“Be what you would seem to be”— or if you’d like it put more simply —“Never imagine yourself not to be otherwise than what it might appear to others that what you were or might have been was not otherwise than what you had been would have appeared to them to be otherwise.”’
It has occurred to me, and I feel firm in this, that Lewis Carroll meant this as a mock paraphrase of Proposition 6 of Book II of Euclid’s Elements:
If a straight line is bisected and a straight line is added to it in a straight line, then the rectangle contained by the whole with the added straight line and the added straight line together with the square on the half equals the square on the straight line made up of the half and the added straight line.

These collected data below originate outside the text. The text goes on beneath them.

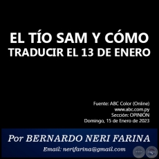 EL TÍO SAM Y CÓMO TRADUCIR EL 13 DE ENERO - Por BERNARDO NERI F...
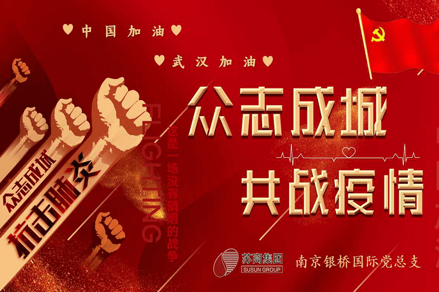 繼向革命老區(qū)、江寧濱江開發(fā)區(qū)、中華門街道和有關(guān)業(yè)務(wù)單位捐贈數(shù)十萬元物資后,2020年3月6日下午,南京銀橋國際黨總支在蘇商集團(tuán)總部舉行“助力武漢”捐款活動。蘇商集團(tuán)董事長陳家俊先生、黨總支書記陳雪梅女士、集團(tuán)本部和南京銀橋國際全體黨員、積極分子以及干部、員工共40余人參加了捐款活動,共募集款項近兩萬元。在這次捐款活動中,全體黨員和積極分子均主動捐款,無一缺席;非黨員員工也紛紛獻(xiàn)出自己的愛心,連剛?cè)肼殠滋斓膯T工也主動捐款;有的員工因工作錯過了捐款活動,事后特地補交了捐款;多名退休的老同志在家中聽說了捐款活動,主動打電話來要求捐款。
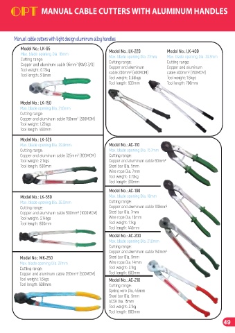 MANUAL CABLE CUTTERS WITH STEEL HANDLES MANUAL CABLE CUTTERS WITH ALUMINUM HANDLES
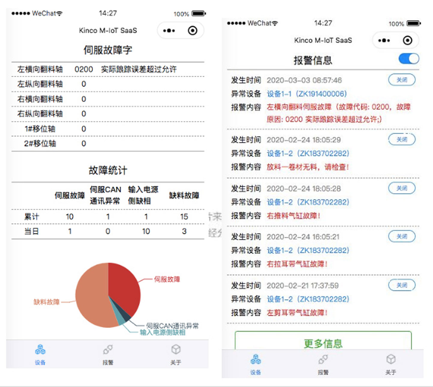 步科口罩機(jī)Plus方案,在CANopen總線伺服驅(qū)動產(chǎn)品基礎(chǔ)上,迅速升級M-IoT物聯(lián)網(wǎng)遠(yuǎn)程運(yùn)維服務(wù),快速完善了設(shè)備報警和維護(hù)信息,增加了遠(yuǎn)程診斷服務(wù)功能,進(jìn)一步打通了現(xiàn)場、設(shè)備商和部件商的溝通渠道,幫助現(xiàn)場人員快速排查故障。
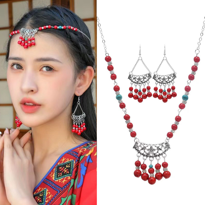красный костюм; синий костюм; костюм смешанного цвета; Красный головной убор (общий для головного убора и ожерелья); Синий головной убор (общий для головного убора и ожерелья); Головной убор смешанного цвета (универсальный для головных уборов и ожерелий); красные серьги; синие серьги; серьги разных цветов; красные бусины; синие бусины
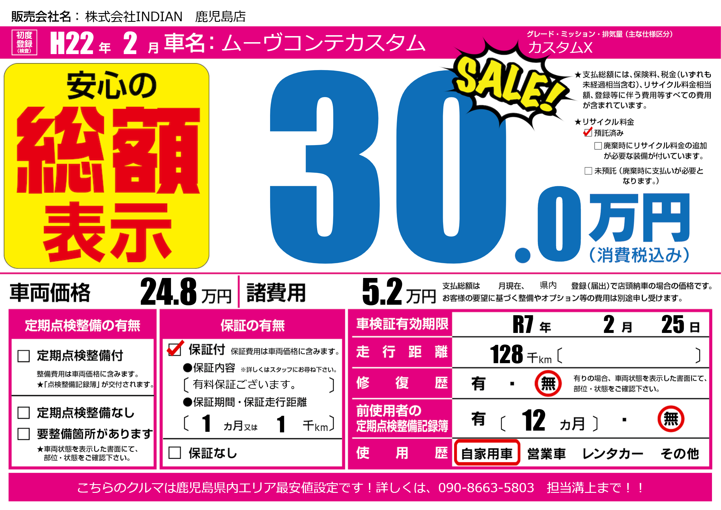 | 車検制限 | R7年 2月 25日 | ||
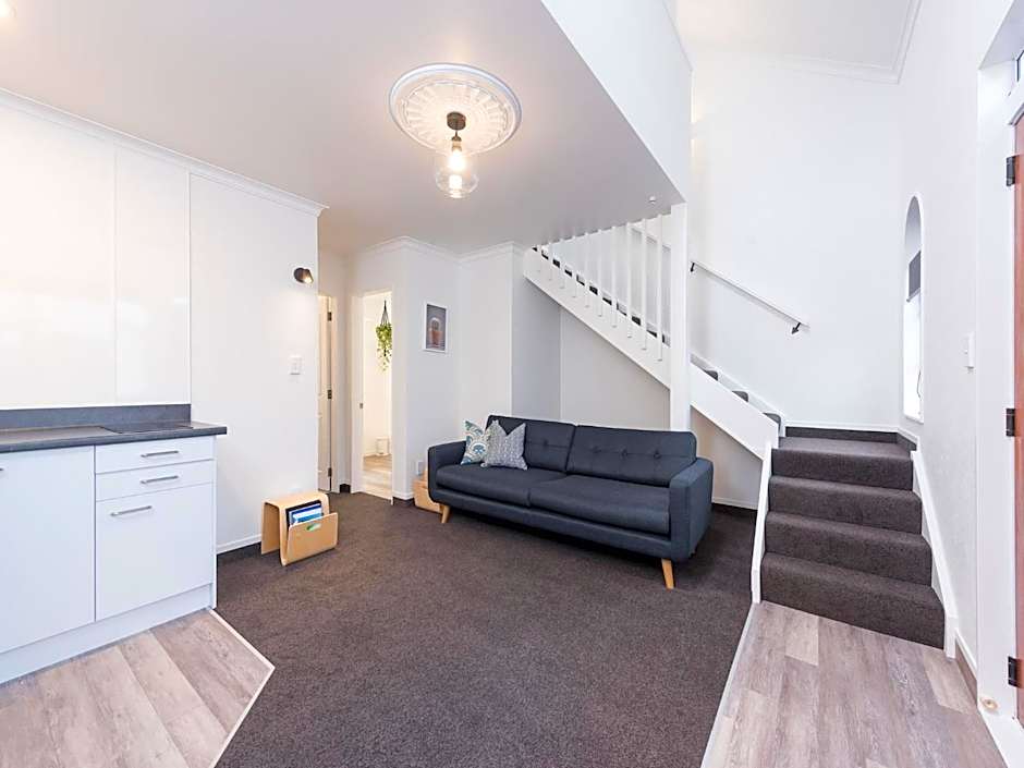 Beautifully designed two-bedroom, two-story suite with everything you need for your stay. 61 sq.m internal. Kitchenette with stove hobs, fridge, toaster, microwave and kettle. Closed off bedroom with two single beds downstairs. Upstairs bedroom with a queen bed and a single bed. Dining table, three seater couch. Bathroom with shower and seperate toilet. Complimentary WiFi, Car park, Air Con, Smart TV with Sky.

I forget the exact occasion, but it was as I was perusing Euclid that I was struck by the similarity of construction. The phrase, “straight line” , corresponds roughly to “otherwise” and “others” in the Duchess’ moral, and both expressions suggest a lilting meter. ( … and I hope I don’t have to remind anyone of Charles Dodgson’s mathematical vocation ! )
Furthermore, the syntax is similarly baffling, Euclid can actually be parsed, but not so the Duchess. Her moral contains three long phrases, each coherent on its own but with overlapping connections that make the whole thing incoherent:
Never imagine yourself not to be otherwise than what it might appear
to others …
it might appear to others that what you were or might have been was not otherwise than what you had been …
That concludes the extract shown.